-------- DATASET EXCERPTS --------

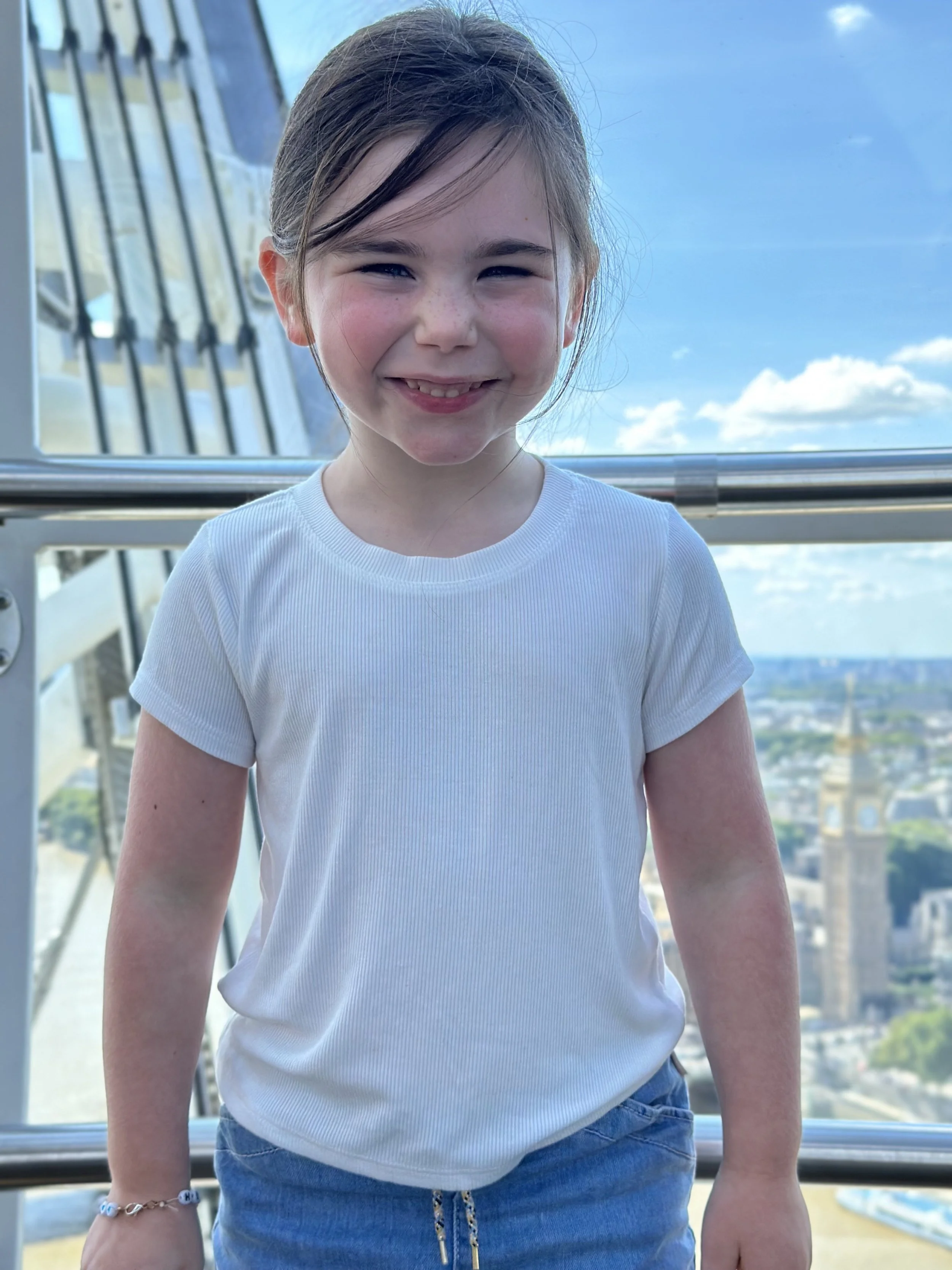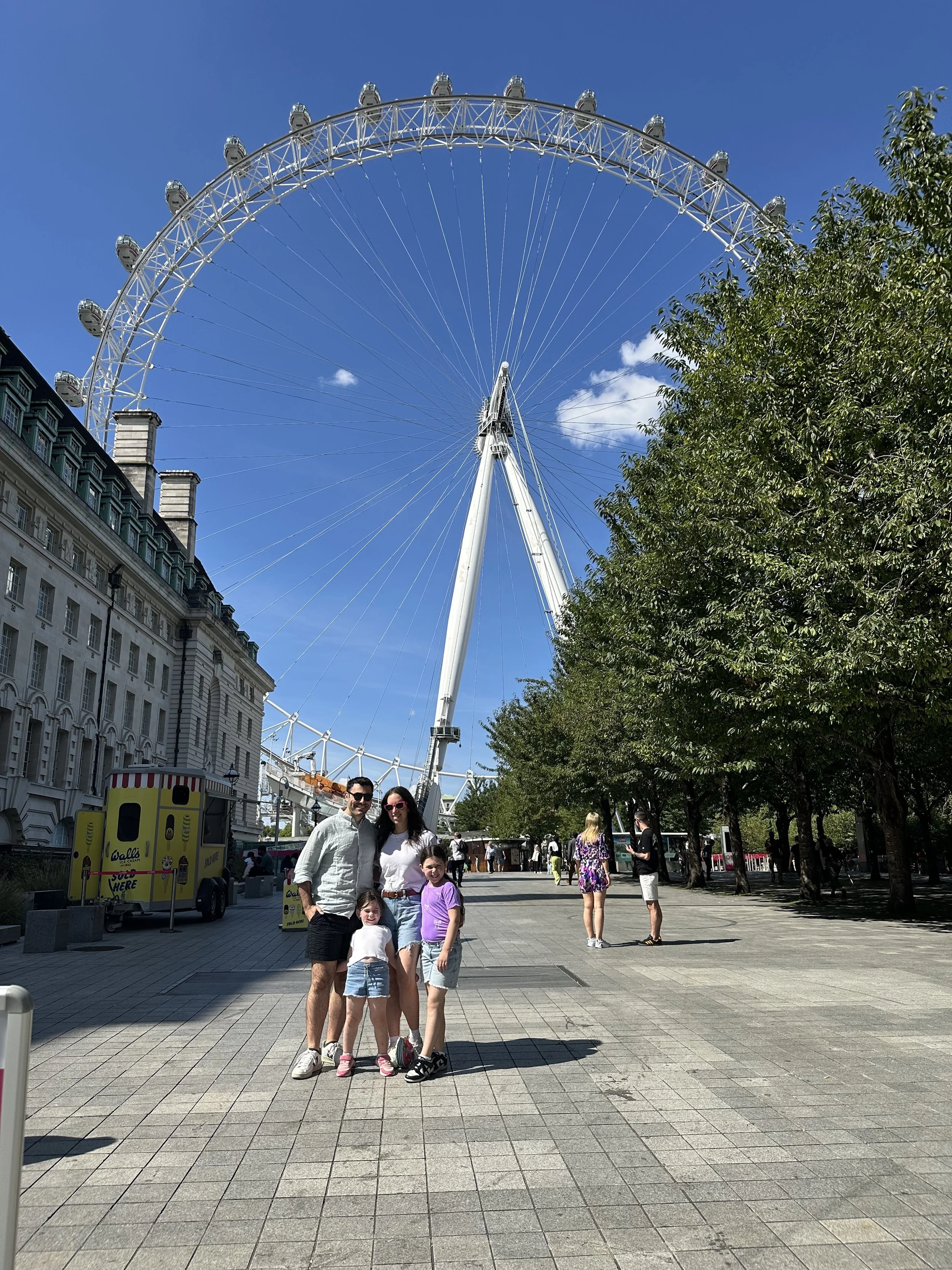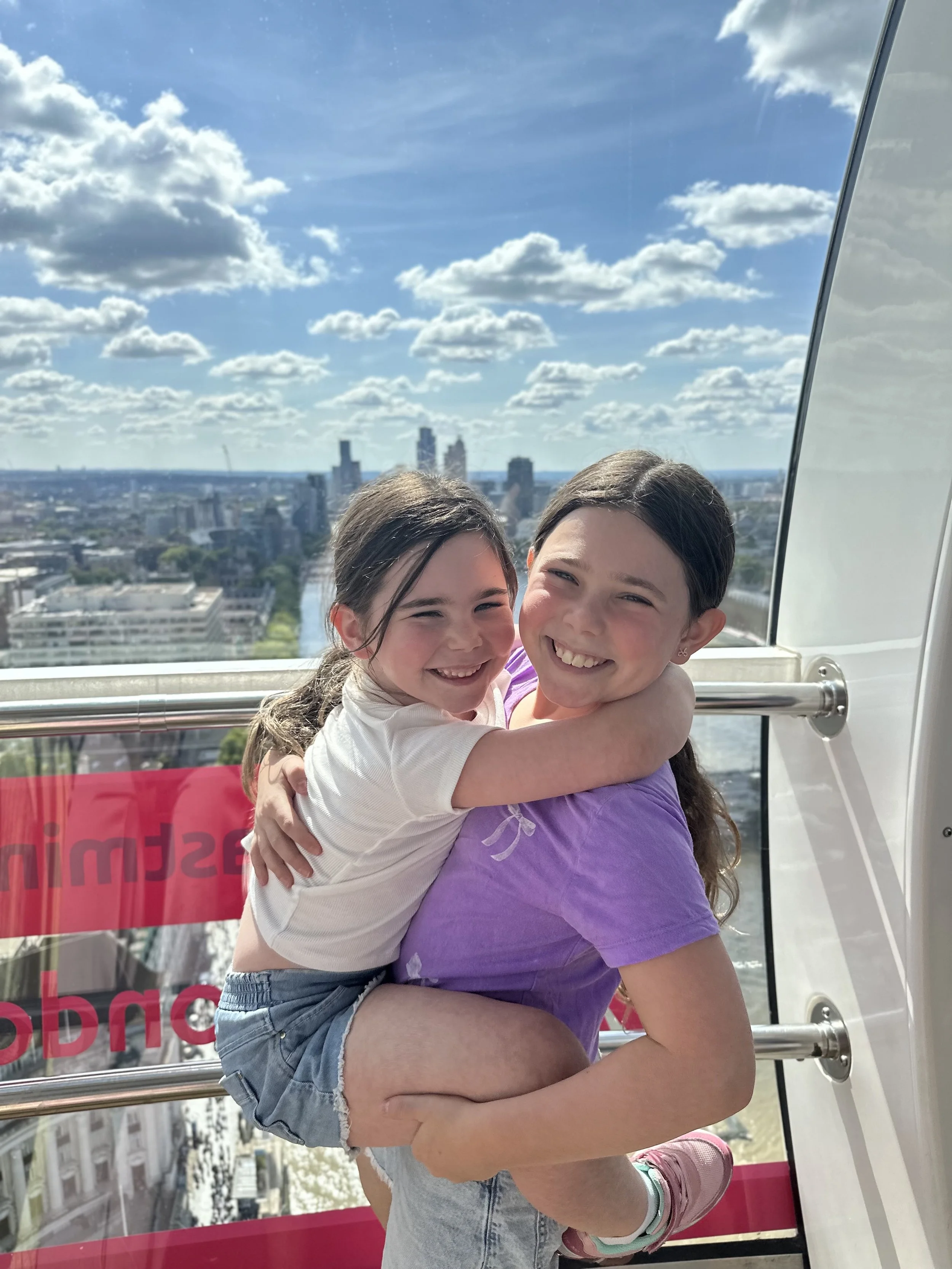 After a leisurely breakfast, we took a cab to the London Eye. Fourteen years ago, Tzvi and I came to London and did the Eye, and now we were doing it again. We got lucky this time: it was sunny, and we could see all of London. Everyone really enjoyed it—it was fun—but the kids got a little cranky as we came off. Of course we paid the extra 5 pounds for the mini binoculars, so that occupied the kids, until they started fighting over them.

--------
-------- DATASET EXCERPTS --------

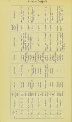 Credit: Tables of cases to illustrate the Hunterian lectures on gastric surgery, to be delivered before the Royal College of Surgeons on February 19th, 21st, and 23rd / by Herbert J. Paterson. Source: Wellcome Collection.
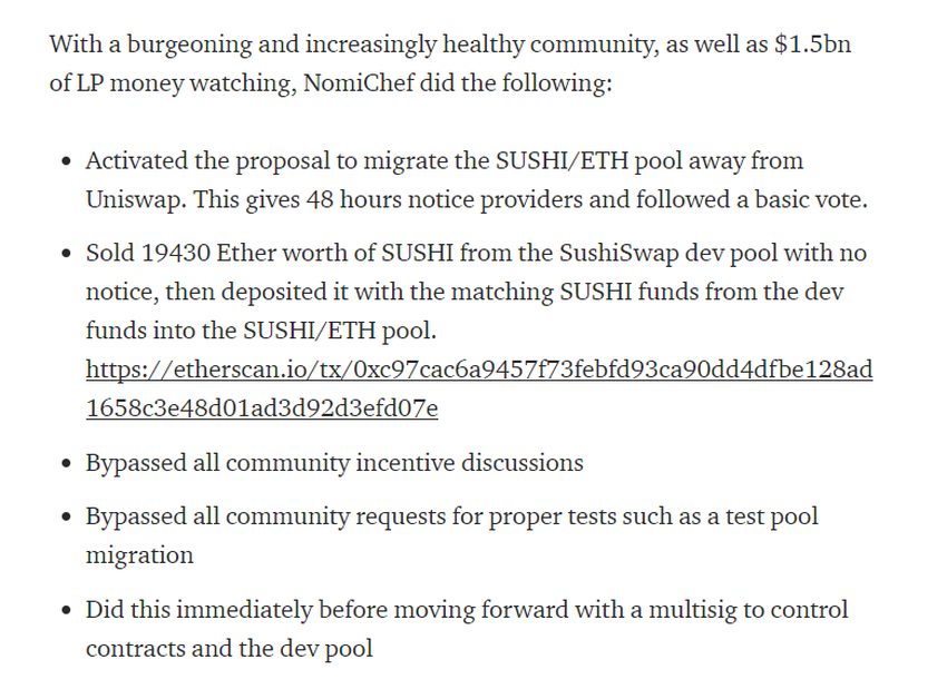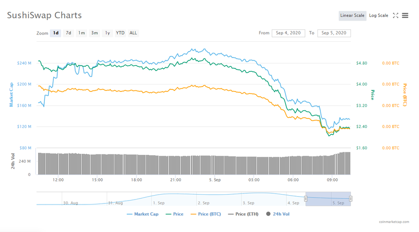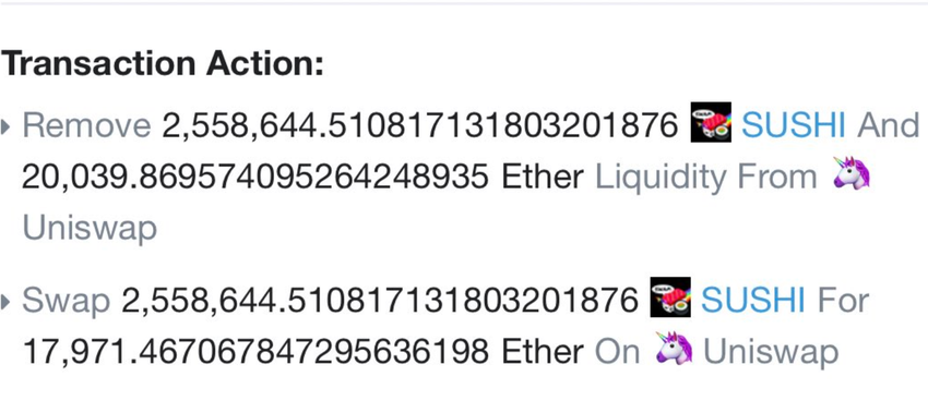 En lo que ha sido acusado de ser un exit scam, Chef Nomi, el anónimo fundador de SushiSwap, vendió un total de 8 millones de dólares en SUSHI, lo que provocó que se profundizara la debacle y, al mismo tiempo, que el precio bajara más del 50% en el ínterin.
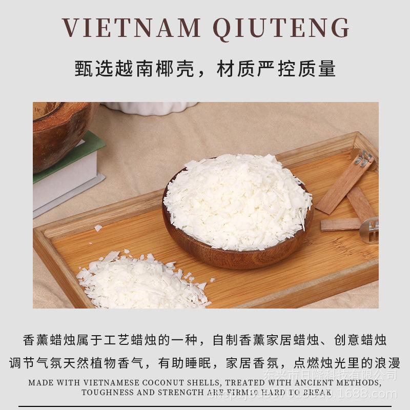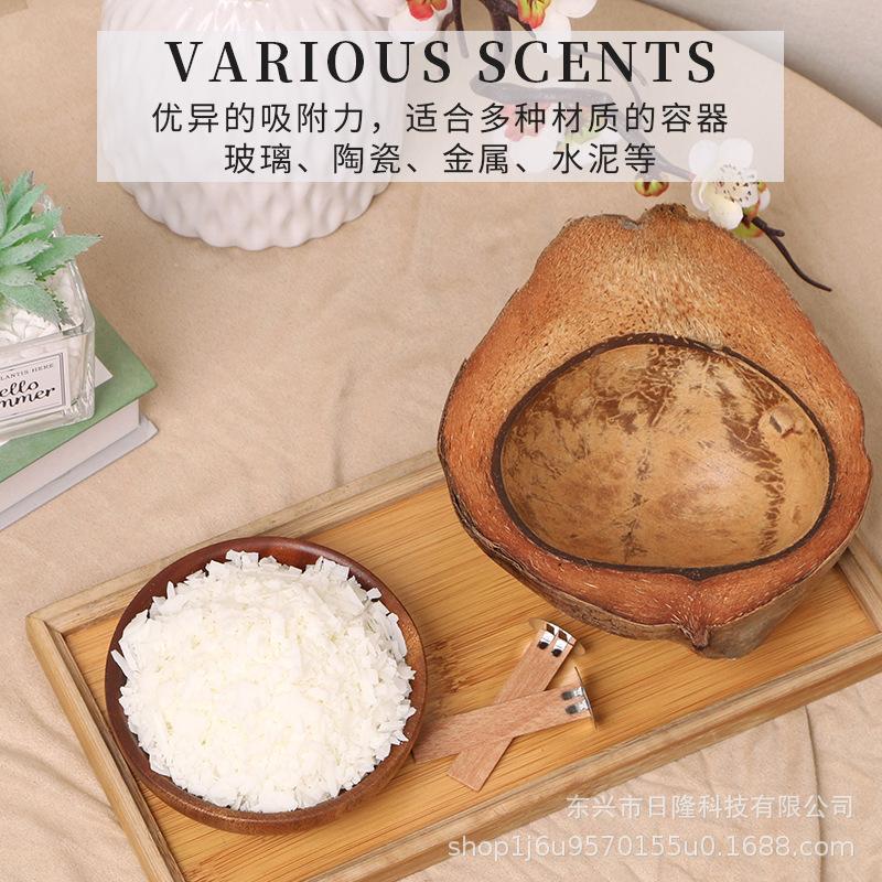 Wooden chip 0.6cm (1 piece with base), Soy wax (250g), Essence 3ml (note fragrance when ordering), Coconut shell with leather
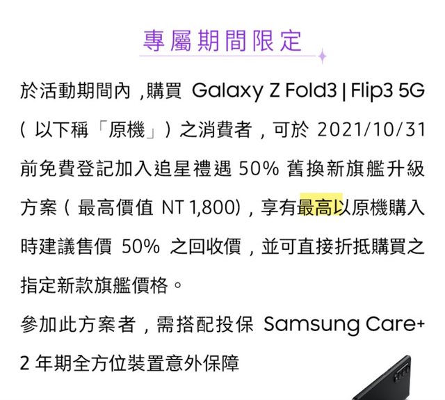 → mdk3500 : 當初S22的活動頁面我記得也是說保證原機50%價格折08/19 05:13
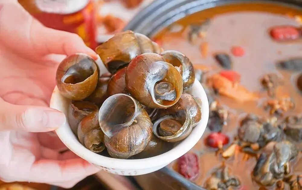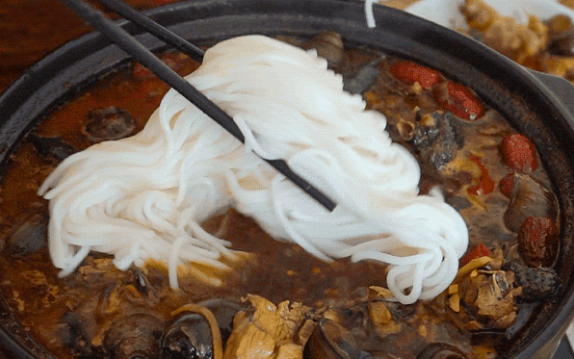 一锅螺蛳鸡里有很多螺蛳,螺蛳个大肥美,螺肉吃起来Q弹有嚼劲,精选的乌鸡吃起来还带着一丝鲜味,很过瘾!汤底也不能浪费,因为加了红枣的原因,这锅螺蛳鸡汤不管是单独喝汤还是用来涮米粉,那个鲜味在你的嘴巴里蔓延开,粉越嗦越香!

--------

● **YOUR OBJECTIVE**
Above are some entries; copy exactly the lines from the line with "Wooden chip 0.6cm" through the line with "一锅螺蛳鸡里有很多螺蛳,螺蛳", both included, but none of the pictures.

● **ANSWER FOR THIS EXERCISE**
 Wooden chip 0.6cm (1 piece with base), Soy wax (250g), Essence 3ml (note fragrance when ordering), Coconut shell with leather
 → mdk3500 : 當初S22的活動頁面我記得也是說保證原機50%價格折08/19 05:13
 一锅螺蛳鸡里有很多螺蛳,螺蛳个大肥美,螺肉吃起来Q弹有嚼劲,精选的乌鸡吃起来还带着一丝鲜味,很过瘾!汤底也不能浪费,因为加了红枣的原因,这锅螺蛳鸡汤不管是单独喝汤还是用来涮米粉,那个鲜味在你的嘴巴里蔓延开,粉越嗦越香!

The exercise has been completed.